We would like to thank the editors of the Völkerrechtsblog for organising this symposium on The Theory, Practice, and Interpretation of Customary International Law, and the commentators for thoughtfully and critically engaging with the various themes of our volume. Naturally, as is always the case, the word limit restrictions of this medium require a rather selective engagement with the issues and queries raised by our commentators.

In addition, we felt constrained in that, as editors, we could not possibly justify responding to critiques of our other authors’ points. This book brings together very different views and approaches on customary international law (CIL) and the three editors are no exception. We have diverging views on many points, including on interpretability, and our focus lies on different aspects of the topic. Therefore, we each wrote a section of this post which, we hope, will provide readers with a more nuanced response than if we had amalgamated our views.

1. CIL in the Structure of International Law (Kammerhofer)

For me, the most important question about CIL is the most basic one: why is it a ‘source of international law’ – what does ‘source of law’ even mean – and how does it fit in the overall structure of the international legal order? For some colleagues, this kind of question may appear superfluous, something for the inhabitants of ivory-towers to ponder over, but certainly of no interest to courts, foreign ministries or even to the ILC. Some others will be attracted to this type of question, but for the wrong reason: as an excuse to trot out their cultural-philosophical musings or their favourite moral or ideological views, all the while believing that they conduct meaningful legal-theoretical research. Only a third group, of whom the authors of our volume are certainly members, will realise that these questions – if asked in the right way and answered using the right method – are relevant: they are relevant for doctrinal arguments about CIL, they are relevant to legal practice and they are relevant as an attempt to advance scholarship. The members of this third group do not, of course, all follow the particular theoretical approach which I apply to the question, the Pure Theory of Law (Kelsen, Merkl) and, since I would not want to ask them to do so, I can only speak for myself.

My approach is based on the view that the scholarship of international law – a Wissenschaft in this very Germanic sense, with its highly ambitious attempt to conduct legal scholarship in the most stringent manner, reminiscent of the natural sciences (but not as natural science) – has the primary task of finding out what ‘the law’ says. How trivial, one might respond; how very much an exercise in rule-accountancy and ledger-keeping! But it is neither trivial nor are many of the function of a claimed true or ‘higher’ jurisprudence (Jhering) scholarly in the strict sense. The primary point of legal scholarship is to advance the structural analysis of (one’s chosen corner of) the law, the analysis of the structure and interaction of norms. Elsewhere, I have likened this enterprise to a ‘mechanics’ of norms: nomostatics for norms at rest and nomodynamics for norms in movement (e.g. Kelsen, pp. 3-109, 110-162).

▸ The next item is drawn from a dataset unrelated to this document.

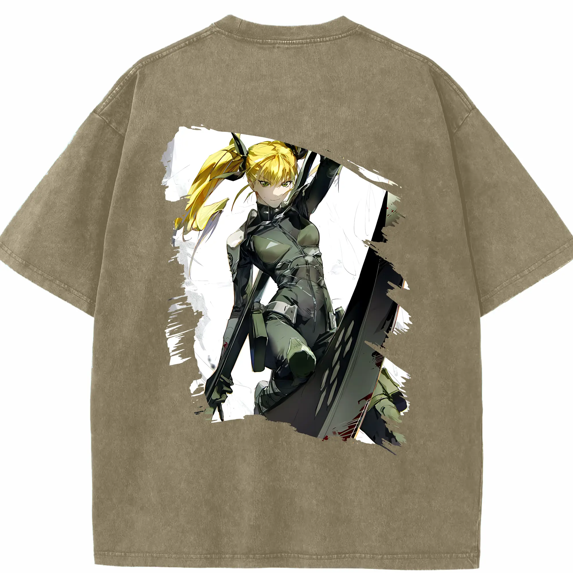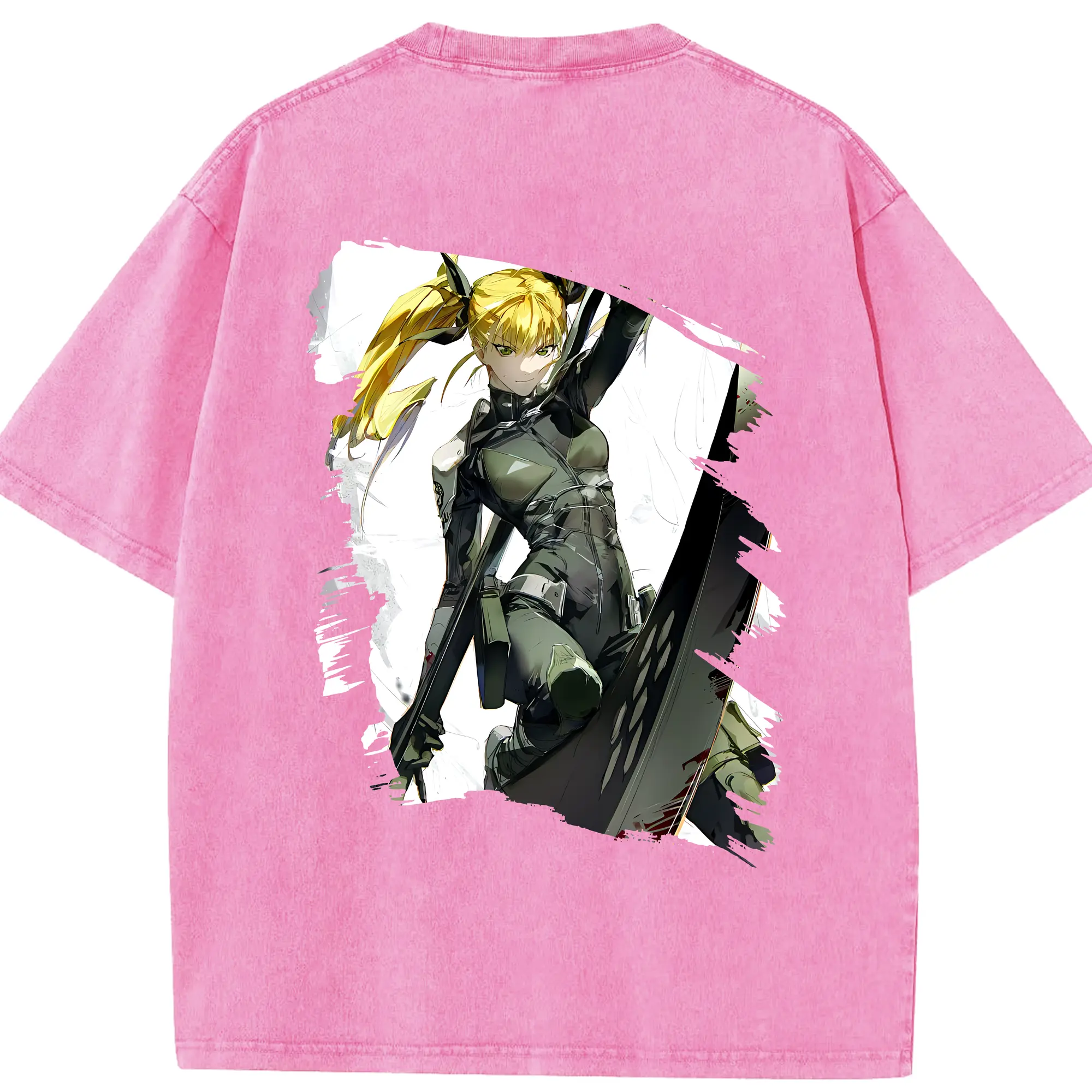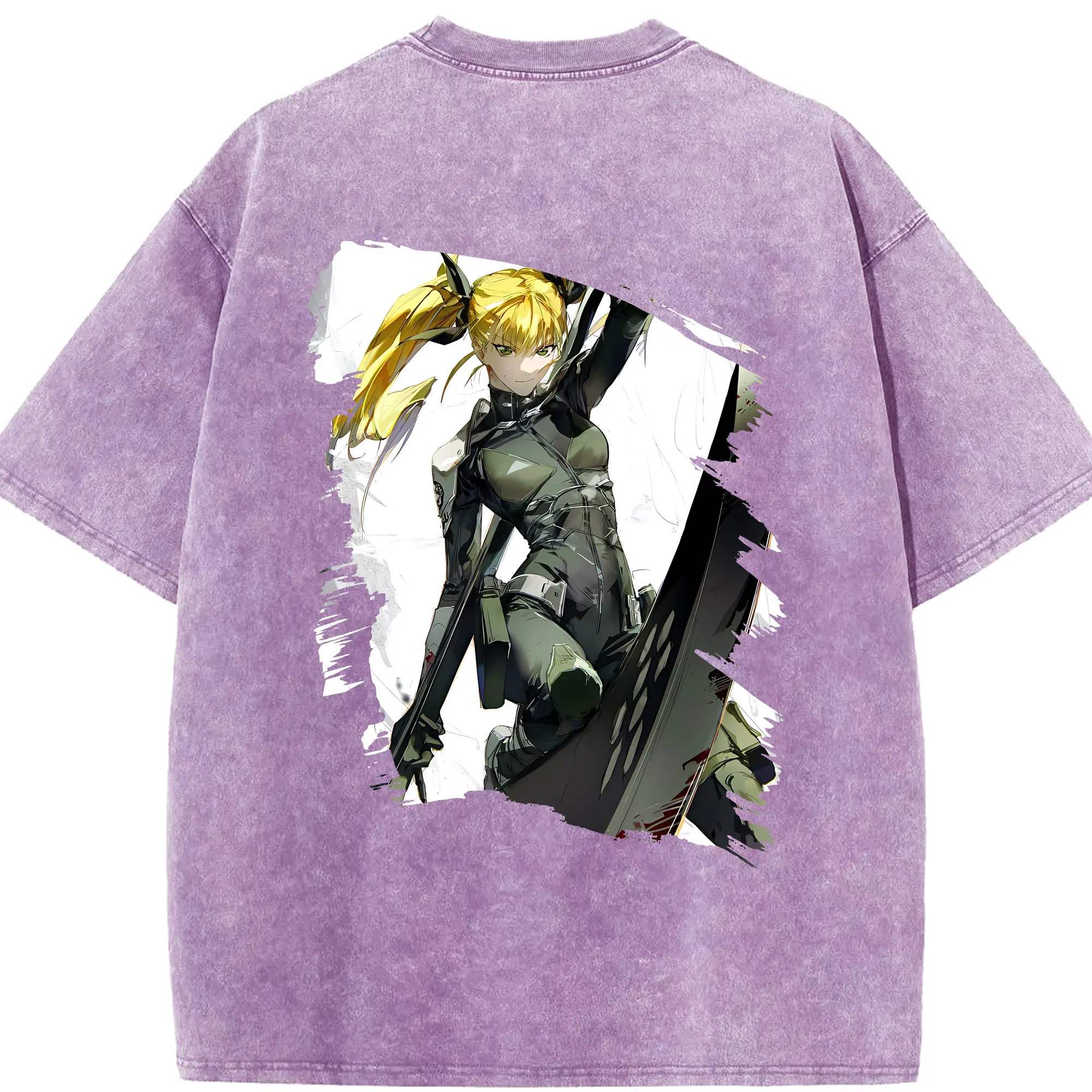 崩壊:スターレイル グッズ 銀狼 - 綿100% ヴィンテージ風 半袖Tシャツ ・ 背面プリント ・ 柔らか肌触り ・ 通気性 快適 ・ スポーツ カジュアル 外出用
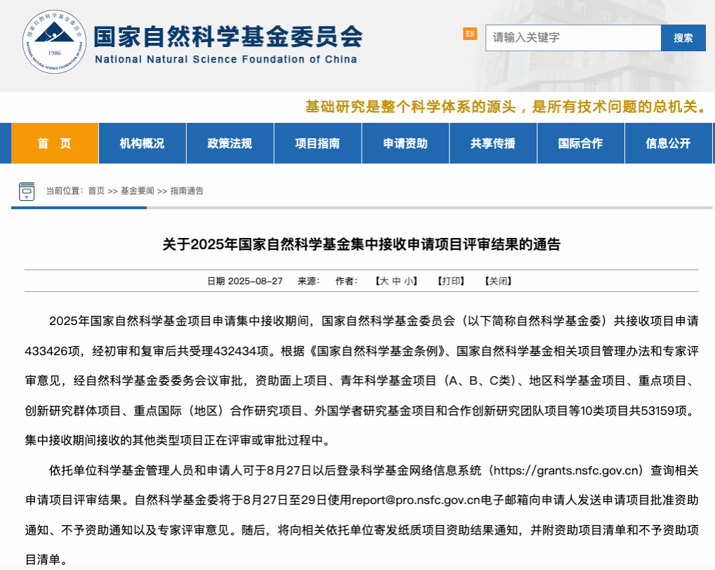 2025年8月27日,国家自然科学基金委员会正式公布2025年度集中接收申请项目评审结果,天美传媒

In the jargon of my chosen approach, this is the Stufenbau, the hierarchy (a better word is: structure) of norms in complex legal orders. And thus, we return to the fields tilled by doctrinal international legal scholarship, for what is this question but the one which every budding international lawyer asks on day one of their training: what are the sources of international law? Using the Stufenbau analysis, we turn to this question with fresh eyes; we no longer rely blindly on the orthodox ‘dogmatic stop’ usually employed – ‘It’s Article 38 ICJ Statute, stupid!’ – nor do we attempt to base our source-theory on pie-in-the-sky thinking (‘it might be nice if the sources were based on x, hence x!’).

Rather, and this holds for both the larger question of the number of sources as well as for the question of how CIL in particular is created, the answer of the Stufenbau theory is and must be: what does the law say? The sources are but nodes in the network of norms that is international law – international law is connected via so-called ‘empowerment norms’, norms authorising the creation of further norms. Each of these norms (and they may be highly complex) not only authorises, but in doing so prescribes certain conditions for the creation of that type of subordinate norm. The point is, then, that the sources of law are not determined by one’s philosophy or ideology nor based on fact alone [see, however, the so-called ‘historically first constitution’ (Kelsen, p. 200)], but by the law itself: law regulates its own creation and must do so, because if it did not, the oughtness of norms would collapse.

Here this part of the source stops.